By suggesting that this crisis is the “greatest” in the Church’s history, Der Spiegel is taking the Church at its own word, wrote Schall.

“It compares the Church’s own teachings with what is practiced or proposed by Pope Francis,” he said. “The implication is that the crisis is of the Church’s own making.”

“It is not due to some barbarian invasion, a Masonic plot, or some other outside force imposing on it or threatening it,” said Schall. “It is being threatened by its own ministers not only for not living according to Christian moral standards but also in not teaching what is good.”

The priest philosopher continued, “The irony, to be specific, is that disordered man-man sexual relations have become a civil “right” in many countries but the same relationship is a natural law aberration according to Church teaching.”

“The world watches to see if the Church will join the world in approving these relations as “rights” in the public order and in the Church,” said Schall. “Or will it reject them?”

It is reasonable to ask what the Church’s ‘greatest’ crisis would be, he wrote.

“It would have something to do with pride, as in placing a human opinion over a divinely revealed or rational teaching,” stated the priest. “It would have to be an embracing of “this world,” spoken of in John’s Gospel as a world that rejects Christ’s coming and his Cross.”

Scripture passages in 2 Timothy and Matthew 25 also signal that a serious crisis can flare up when “unworthy priests and prelates are found within the Church itself,” Father Schall said.

He cited other examples, such as Francis himself often speaking of clericalism and Pharisees in the Church, Pope Paul VI’s speaking of the “smoke of Satan” in the Church, and Ezekiel and St. Augustine giving warnings that “unworthy shepherds might prevail among us.”

“On the other hand, at least the papacy was supposed to have been a place where “the gates of hell” did not prevail,” said Schall. “Popes could be sinful in their personal lives but still would not teach false doctrine or approve immoral activities.”

Therefore, he said, the “greatest crisis” of the Church, is not the discovery that clerics are themselves sinners.

“Christ was sent not for the just but the unjust. He was sent to grant forgiveness to whoever asked for it,” the priest wrote. “But he also told us to stop sinning. Therefore, the fact that sinners populate the world and the Church, even after Christ established rules to live by, cannot surprise anyone.”

Even those who do not think the “aberrations” some priests and bishops are accused of committing equate to sins or disorders recognize that “the Church is the last bastion of moral integrity as seen in its classical philosophic and religious form,” he said.

And, he said, they also see that the serious troubles the Church itself is in are primarily due to its own actions.

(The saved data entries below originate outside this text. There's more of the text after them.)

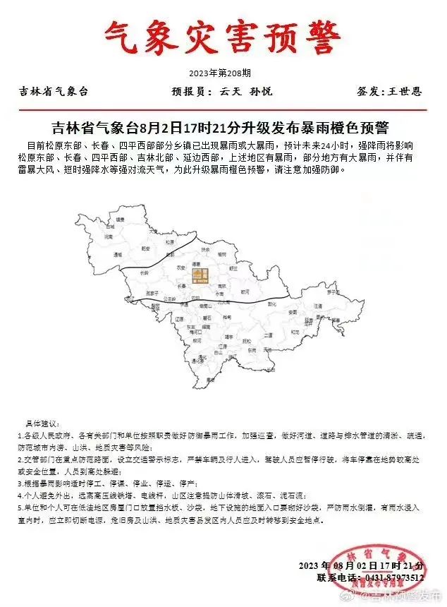 吉林省气象台8月2日17时21分升级发布暴雨橙色预警:松原东部、长春、四平西部部分乡镇已出现暴雨或大暴雨,预计未来24小时,强降雨将影响松原东部、长春、四平西部、吉林北部、延边西部, 上述地区有暴雨,部分地方有大暴雨,并伴有雷暴大风、短时强降水等强对流天气,为此升级暴雨橙色预警。
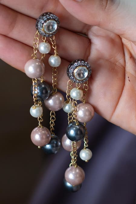 22k gold and rhodium plating, Intricate pearl drop detailing, Polki and cubic zirconia embellishments
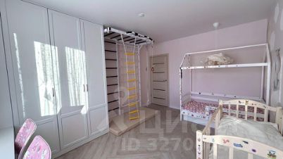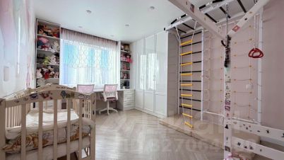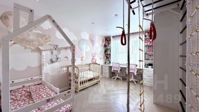В детской встроенная детская рабочая зона, выполненная у окна, с большим столом, тумбами, полками. Встроенный большой шкаф. Спортивный комплекс.
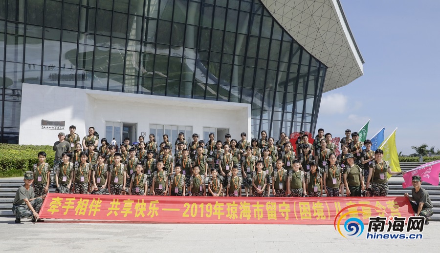 2019年瓊海市留守(困境)兒童夏令營營員在南海博物館門前合影留念。南海網記者 李昊 攝
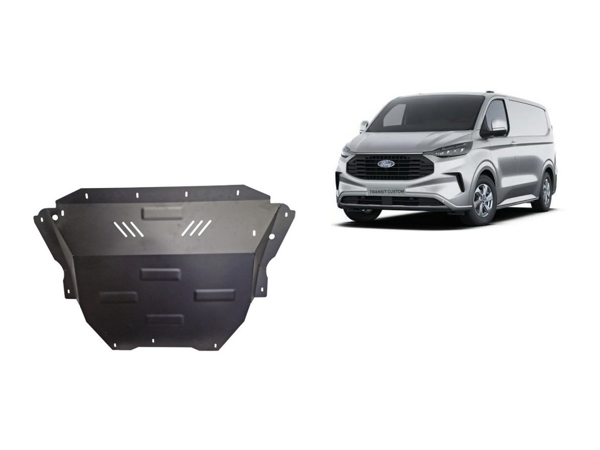 Ocelový kryt podvozku je přizpůsoben originálním montážním bodům a upevňuje se pomocí kompletní sady plechů, šroubů a matic.

“We can say that the issue is not over whether the pope is a sinner, naïve, or weak, but whether he has approved teachings or moral behaviors that he is obliged to oppose,” said Father Schall. “If he has taken this step in some obviously authoritative way, then Der Spiegel will be proved right.”

“A reversal of fundamental teaching at the highest levels of the Church would constitute the “greatest crisis” in Catholic history,” he said. “It is an act of faithfulness to respectfully hope Pope Francis clarifies his own teachings. It does not seem like too much to ask and many, including Der Spiegel, are asking it.”